Is my Integration ok?

I'm trying to compute $\int_0^1 x^m \ln x \, \mathrm{d}x$. I'm wondering if the bit about the application of L'Hopital's rule was ok. Can anyone check?

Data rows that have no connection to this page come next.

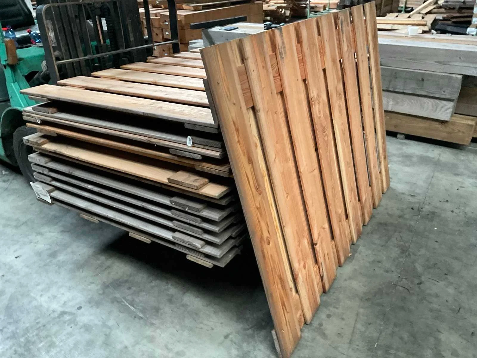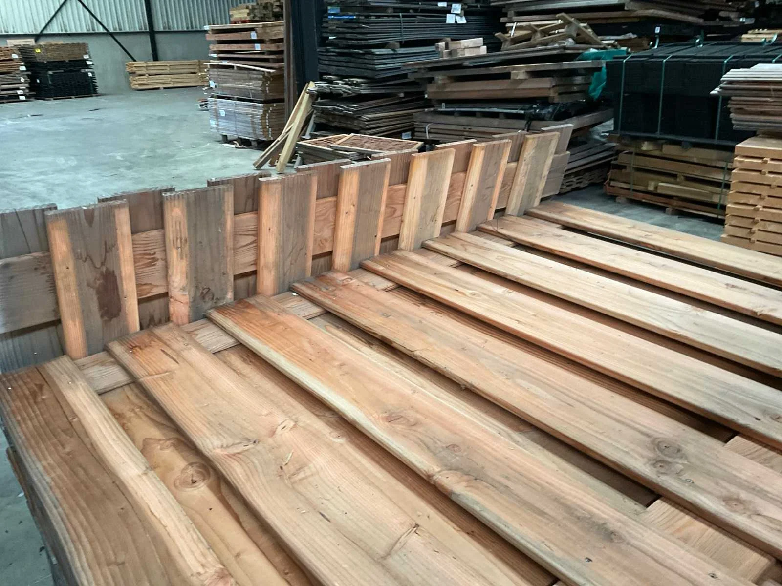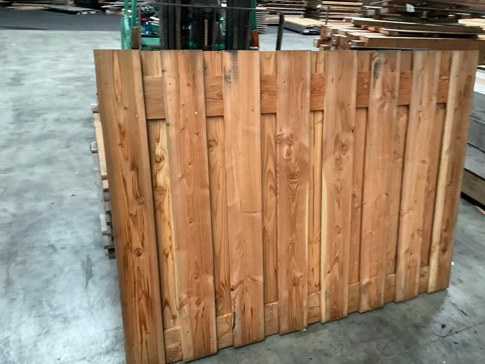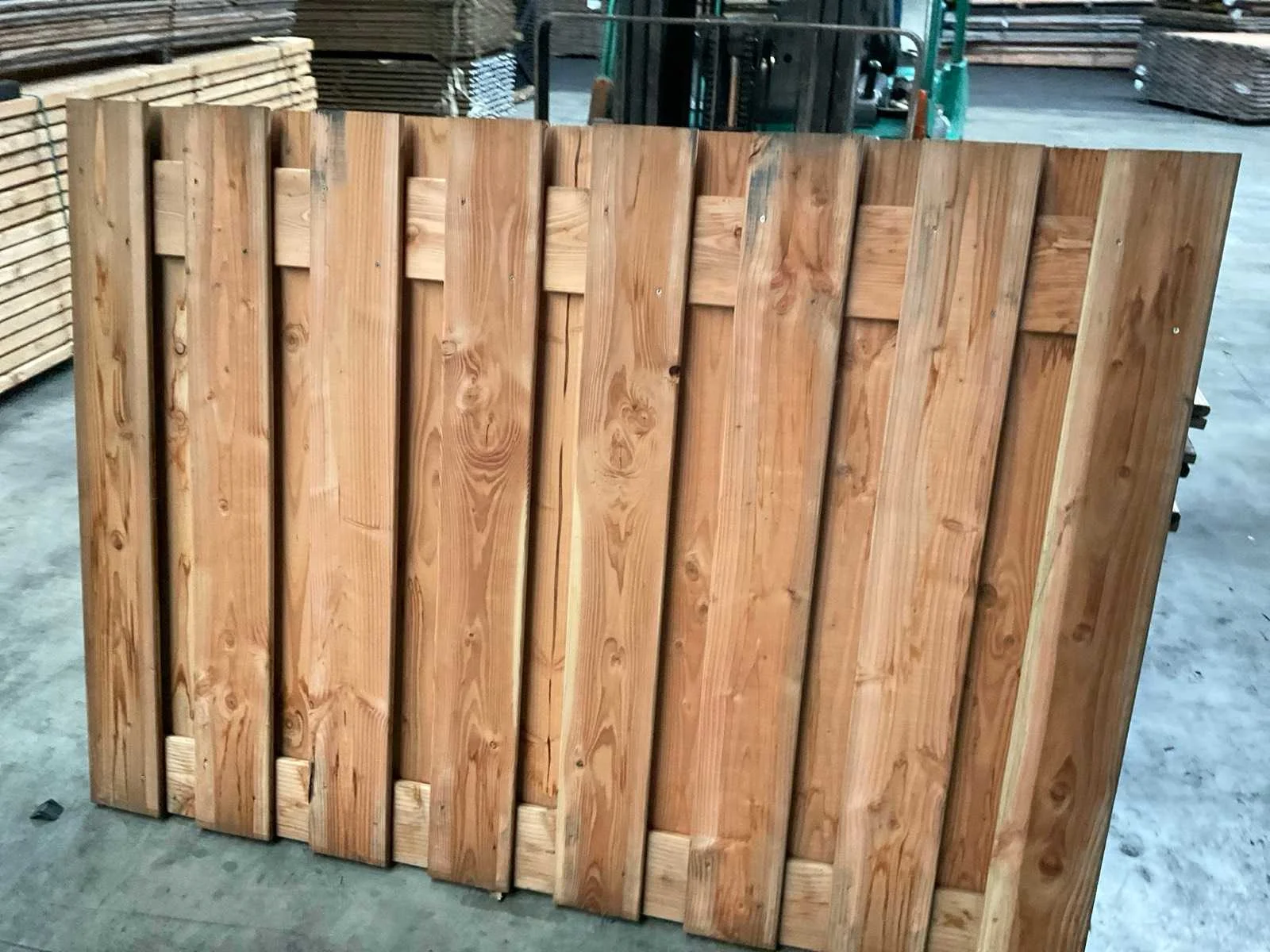 Grenen geschaafd plankenscherm, recht. Gemaakt van 19 planken en 2 tussenplanken. Planken zijn 1,5x14 cm. Groen geïmpregneerd. LET OP dit is een retour pallet.deels licht vergrijst Merk: Woodvision Model: Plankenscherm Gewicht: 400kg Lengte: 180cm Breedte: 5cm Hoogte: 140cm Materiaal: Douglas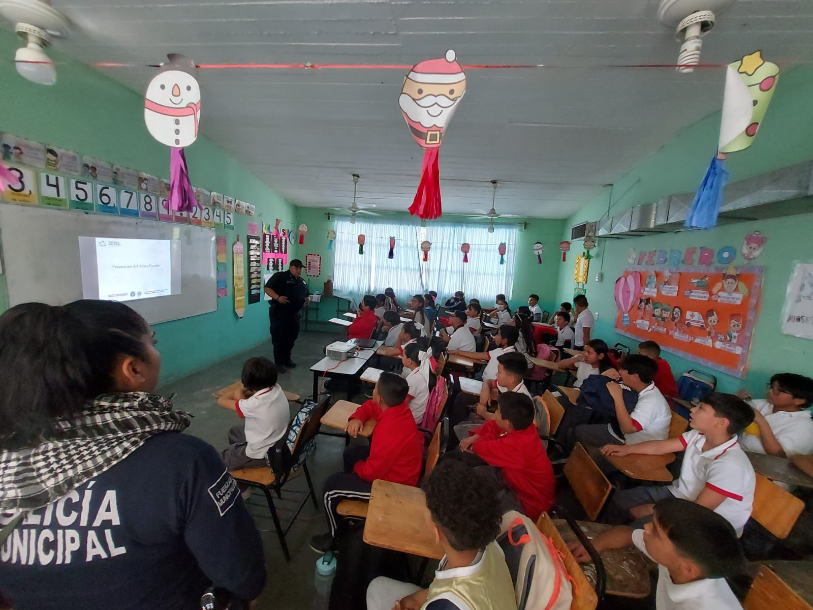 Abraham López Mata, responsable del Departamento de Prevención del Delito, explicó que durante las visitas a las escuelas se abordan temas clave para el bienestar de los estudiantes, como los derechos y responsabilidades de los jóvenes, acoso escolar y bullying, entre otros.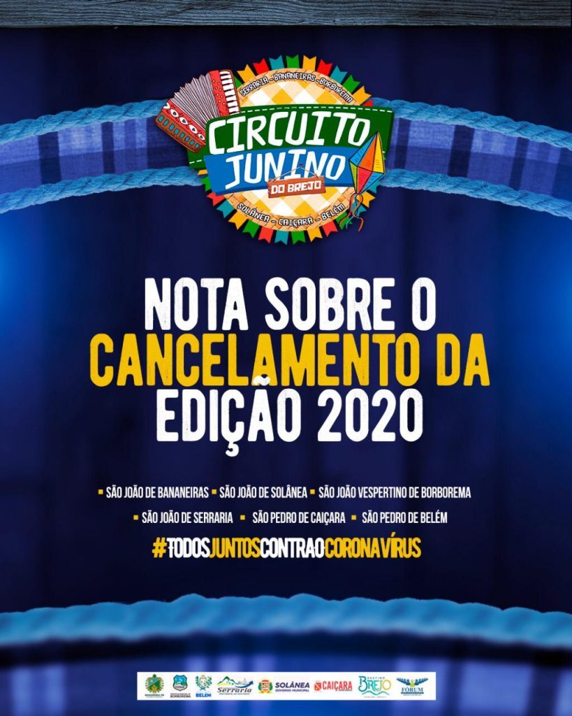 Os Prefeitos das cidades de Bananeiras, Solânea, Belém, Borborema, Serraria e Caiçara decidiram em conjunto na manhã desta segunda (06) pelo cancelamento do Circuito Junino do Brejo 2020, em decorrência da pandemia causada pela Covid 19. O aumento gradativo de casos em proporção mundial e seguindo o protocolo da Organização Mundial de Saúde (OMS), para […]
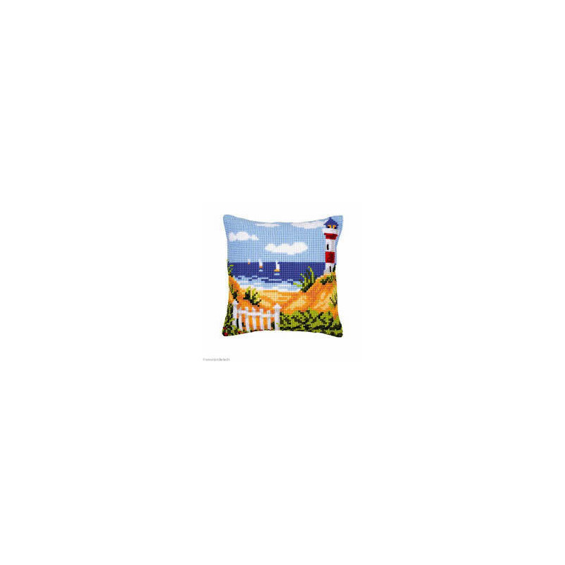 Vervaco, kit coussin La plage au phare (art. PN0008731). Dimensions: 40 x 40 cm. Points utilisés: point de croix. Canevas peint 1,8 croix/cm, le fond n'est pas fourni pour le montage, n'est pas vendu hors de Suisse.

Letting $u = \ln x$ and $\mathrm{d}v = x^m$, we have $\mathrm{d}u = \frac{1}{x}\mathrm{d}x$ and $v = \frac{x^{m+1}}{m+1}$

$\int_0^1 x^m \ln(x) \, \mathrm{d}x$

$= \left. \frac{1}{m+1} x^{m+1} \ln(x) \right|_{0}^{1} - \int_{0}^{1} \frac{x^m}{m+1} \, \mathrm{d}x$

$= \frac{1}{m+1} \left(0 - \lim_{x \to 0} x^{m+1} \ln(x) \right) - \left. \frac{x^{m+1}}{(m+1)^2} \right|_{0}^{1}$

$= \frac{1}{m+1} \left(\lim_{x \to 0} x^{m+1} \ln\left(\frac{1}{x}\right) \right) - \frac{1}{(m+1)^2}$

$= \frac{1}{m+1} \left(\lim_{x \to 0}\frac{\ln(1/x)}{1/x^{m+1}} \right) - \frac{1}{(m+1)^2}$

$= \frac{1}{m+1} \left(\lim_{x \to 0}\frac{x (-1/x^2)}{-(m+1)x^{-m-2}} \right) - \frac{1}{(m+1)^2}$

$= \frac{1}{m+1} \left(\lim_{x \to 0}\frac{x^{m+1}}{m+1} \right) - \frac{1}{(m+1)^2}$

$= 0 - \frac{1}{(m+1)^2}$

$= \frac{-1}{(m+1)^2}$

 

[anuttarasammyak]

It seems OK. For verification, say m=0 the graphs of y=log x and y=e^x are symmetric wrt line y=x, the integration
\int_{-\infty}^0 e^x dx = 1
equals with your result putting minus sign.